> **Given data**:
╔══

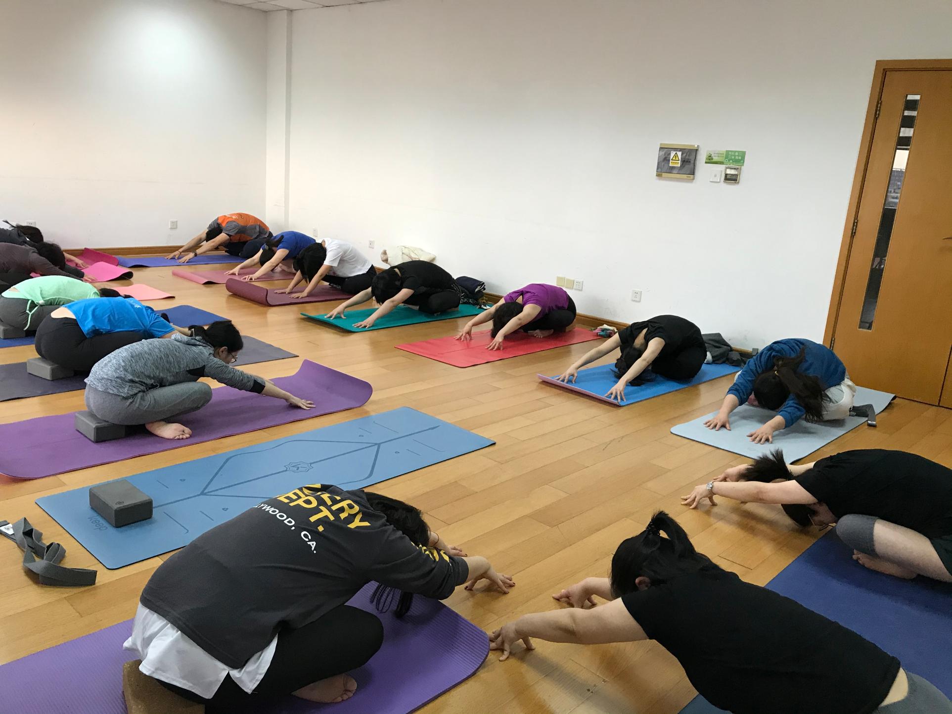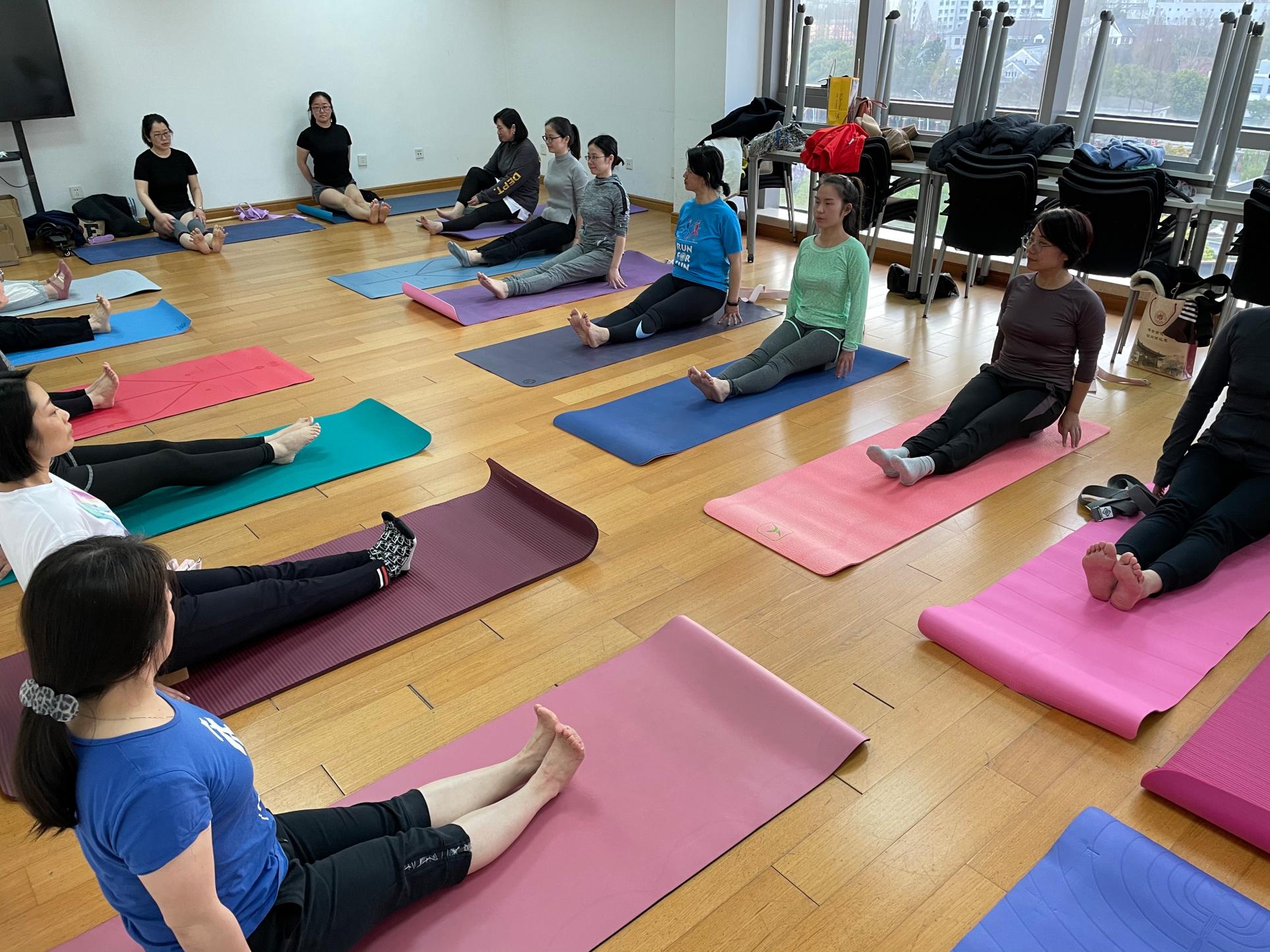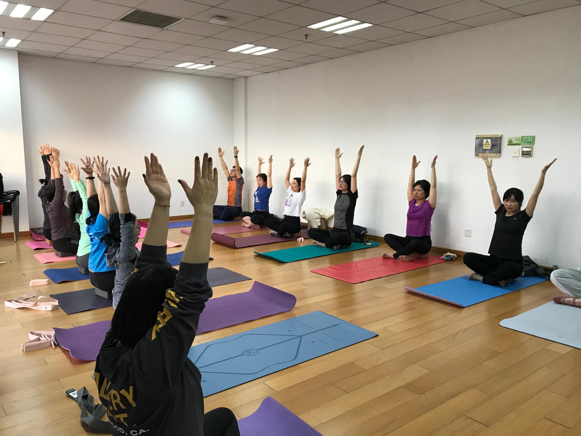 开班第一期,参与活动的学员们已将场地撑得满满当当。伴着轻柔的音乐,学员们在老师的指令下均匀调整呼吸、放松绷紧的神经,缓缓舒展身姿。一个小时的练习,学员们一个个红光满面,精神焕发。
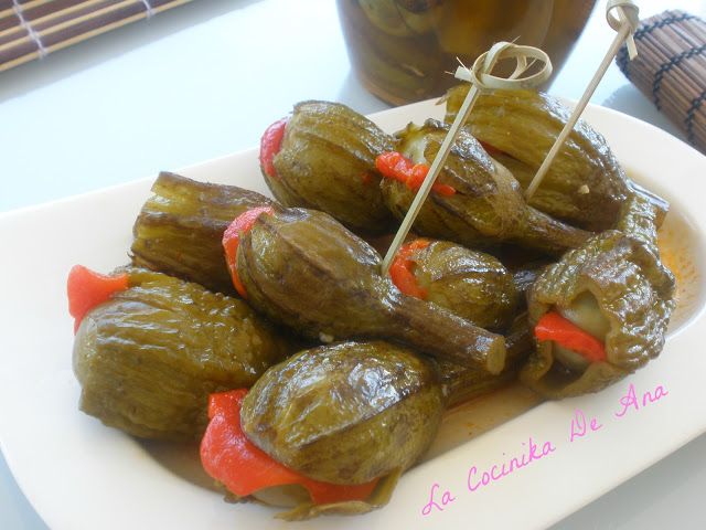Este tipo de encurtido es muy típico en Andalucía, donde es tradicional prepararlas aliñándolas en casa, aunque también es fácil de encontrar en los supermercados envasadas y listas para su consumición. Y como ya estamos en temporada de berenjenas y aprovechando que unos amigos me han dado una bolsa de ellas, me dije "ésta es una receta que aún no he subido a mi blog, pues ya es hora de subirla y compartirla con mis amig@s"...
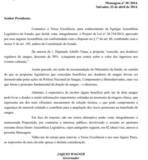 Duas semanas após ser aprovado, o projeto chegou a ser integralmente vetado pelo ex-governador Jaques Wagner (PT). O então chefe do Executivo alegou uma recomendação do Ministério da Saúde acerca de não autorizar medidas do tipo, por altruísmo. Segundo argumento utilizado pelo ex-gestor, baseado nas indicações da pasta, a aprovação da Lei poderia gerar a omissão de informações no momento da doação, o que poderia prejudicar a segurança dos materiais coletados e causar riscos na transfusão de sangue.
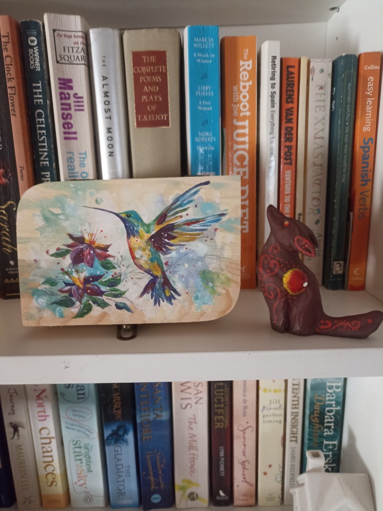 This experience with Workaway has been absolutely brilliant for us, it exceeded our expectations by a very long way. We just LOVED having Ariane and Edgar to stay with us, utterly delightful people who were so easy to get on with. Before they left, they gave us gifts they had made for us. We all share a love and fascination for the stars, and Edgar made us a little clay dog gazing up to the heavens, so beautiful. Ariane had bought a little plain wooden box from the todo shop and she hand-painted a fabulous humming bird on it. Absolutely exquisite gifts, both of them, which we will treasure forever.

╚══

> **Exercise instructions**: Print only the lines running from the line that contains "Duas semanas após" to the final line of the listing, both included. Omit every picture.

> **Your response**:
 Duas semanas após ser aprovado, o projeto chegou a ser integralmente vetado pelo ex-governador Jaques Wagner (PT). O então chefe do Executivo alegou uma recomendação do Ministério da Saúde acerca de não autorizar medidas do tipo, por altruísmo. Segundo argumento utilizado pelo ex-gestor, baseado nas indicações da pasta, a aprovação da Lei poderia gerar a omissão de informações no momento da doação, o que poderia prejudicar a segurança dos materiais coletados e causar riscos na transfusão de sangue.
 This experience with Workaway has been absolutely brilliant for us, it exceeded our expectations by a very long way. We just LOVED having Ariane and Edgar to stay with us, utterly delightful people who were so easy to get on with. Before they left, they gave us gifts they had made for us. We all share a love and fascination for the stars, and Edgar made us a little clay dog gazing up to the heavens, so beautiful. Ariane had bought a little plain wooden box from the todo shop and she hand-painted a fabulous humming bird on it. Absolutely exquisite gifts, both of them, which we will treasure forever.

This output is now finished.